[DATA FOR THIS EXERCISE]:
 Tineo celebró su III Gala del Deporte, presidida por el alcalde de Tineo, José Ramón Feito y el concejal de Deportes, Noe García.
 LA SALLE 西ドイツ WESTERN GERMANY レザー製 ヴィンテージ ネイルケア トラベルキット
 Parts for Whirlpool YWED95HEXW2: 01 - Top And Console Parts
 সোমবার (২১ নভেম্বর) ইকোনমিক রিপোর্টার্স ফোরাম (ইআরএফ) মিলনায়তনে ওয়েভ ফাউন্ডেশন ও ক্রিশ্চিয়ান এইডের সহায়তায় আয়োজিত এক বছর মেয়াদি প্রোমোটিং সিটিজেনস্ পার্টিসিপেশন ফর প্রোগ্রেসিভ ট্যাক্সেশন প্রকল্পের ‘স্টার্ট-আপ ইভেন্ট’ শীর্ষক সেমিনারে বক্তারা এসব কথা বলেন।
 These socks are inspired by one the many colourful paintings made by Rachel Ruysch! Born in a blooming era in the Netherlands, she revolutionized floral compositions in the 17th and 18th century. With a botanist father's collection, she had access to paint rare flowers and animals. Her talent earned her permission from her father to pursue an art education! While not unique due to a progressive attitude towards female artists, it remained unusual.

==

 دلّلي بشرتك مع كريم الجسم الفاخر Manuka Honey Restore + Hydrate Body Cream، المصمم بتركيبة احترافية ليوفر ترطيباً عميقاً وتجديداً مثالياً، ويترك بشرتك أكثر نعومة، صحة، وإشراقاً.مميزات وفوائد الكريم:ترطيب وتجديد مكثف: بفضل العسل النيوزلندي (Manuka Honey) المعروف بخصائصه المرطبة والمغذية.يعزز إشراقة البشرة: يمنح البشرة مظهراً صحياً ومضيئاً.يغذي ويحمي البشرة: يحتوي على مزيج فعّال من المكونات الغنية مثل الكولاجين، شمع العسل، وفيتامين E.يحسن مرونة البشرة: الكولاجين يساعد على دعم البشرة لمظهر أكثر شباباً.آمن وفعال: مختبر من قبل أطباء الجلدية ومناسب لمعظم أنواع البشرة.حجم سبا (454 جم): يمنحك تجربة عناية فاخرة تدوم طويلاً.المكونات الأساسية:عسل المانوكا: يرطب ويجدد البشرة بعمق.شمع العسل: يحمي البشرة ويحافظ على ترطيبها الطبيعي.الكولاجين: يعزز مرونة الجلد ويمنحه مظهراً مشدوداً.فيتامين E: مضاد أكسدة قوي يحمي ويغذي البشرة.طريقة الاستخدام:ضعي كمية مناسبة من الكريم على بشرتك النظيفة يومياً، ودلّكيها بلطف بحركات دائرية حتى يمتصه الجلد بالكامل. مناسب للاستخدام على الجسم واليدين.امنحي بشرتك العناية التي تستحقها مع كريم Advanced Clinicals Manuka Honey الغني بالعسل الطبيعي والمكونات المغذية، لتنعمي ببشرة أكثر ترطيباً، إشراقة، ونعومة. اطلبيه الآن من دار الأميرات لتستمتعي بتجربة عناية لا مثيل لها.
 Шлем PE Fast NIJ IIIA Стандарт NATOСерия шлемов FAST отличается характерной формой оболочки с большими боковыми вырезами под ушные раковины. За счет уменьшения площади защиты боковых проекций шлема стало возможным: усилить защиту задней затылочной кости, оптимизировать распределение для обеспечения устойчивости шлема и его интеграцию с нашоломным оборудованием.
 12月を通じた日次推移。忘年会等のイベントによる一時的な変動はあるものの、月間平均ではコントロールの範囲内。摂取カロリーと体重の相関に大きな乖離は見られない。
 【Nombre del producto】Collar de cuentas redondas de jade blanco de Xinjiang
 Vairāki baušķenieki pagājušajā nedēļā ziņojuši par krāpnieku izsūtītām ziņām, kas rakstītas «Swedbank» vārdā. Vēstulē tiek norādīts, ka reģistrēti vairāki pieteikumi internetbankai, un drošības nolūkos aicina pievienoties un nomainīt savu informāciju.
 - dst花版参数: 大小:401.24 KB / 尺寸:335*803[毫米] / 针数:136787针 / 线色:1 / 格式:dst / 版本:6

* * *

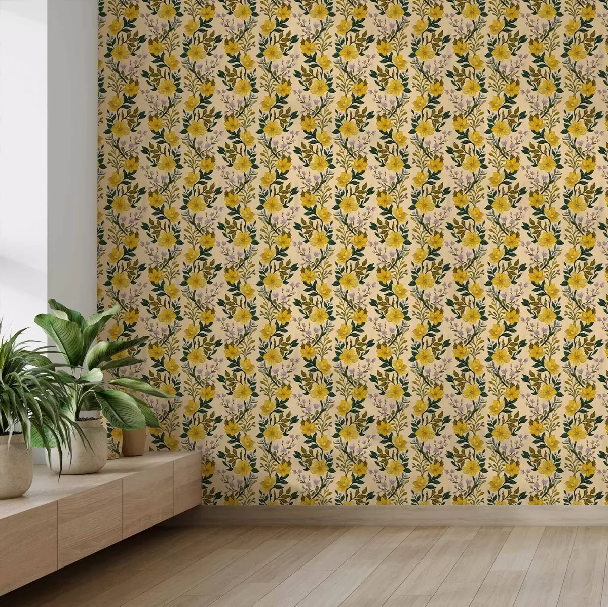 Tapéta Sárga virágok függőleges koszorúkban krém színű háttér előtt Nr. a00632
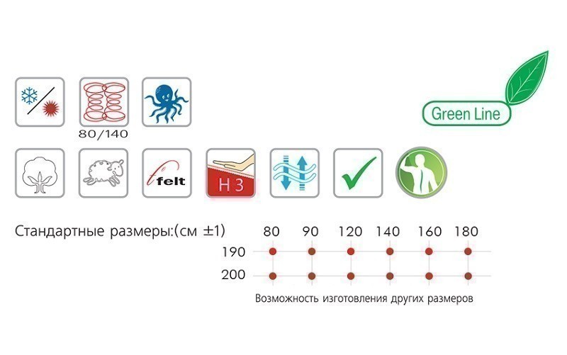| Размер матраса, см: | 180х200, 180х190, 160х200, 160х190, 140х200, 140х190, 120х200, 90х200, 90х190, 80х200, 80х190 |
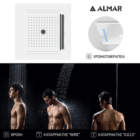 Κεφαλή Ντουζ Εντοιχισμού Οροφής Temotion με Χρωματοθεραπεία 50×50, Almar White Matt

[TO DO]: Copy out the lines above exactly, beginning at the one that contains "Tineo celebró su" and ending at the one that contains "Parts for Whirlpool".

[FINAL ANSWER]:
 Tineo celebró su III Gala del Deporte, presidida por el alcalde de Tineo, José Ramón Feito y el concejal de Deportes, Noe García.
 LA SALLE 西ドイツ WESTERN GERMANY レザー製 ヴィンテージ ネイルケア トラベルキット
 Parts for Whirlpool YWED95HEXW2: 01 - Top And Console Parts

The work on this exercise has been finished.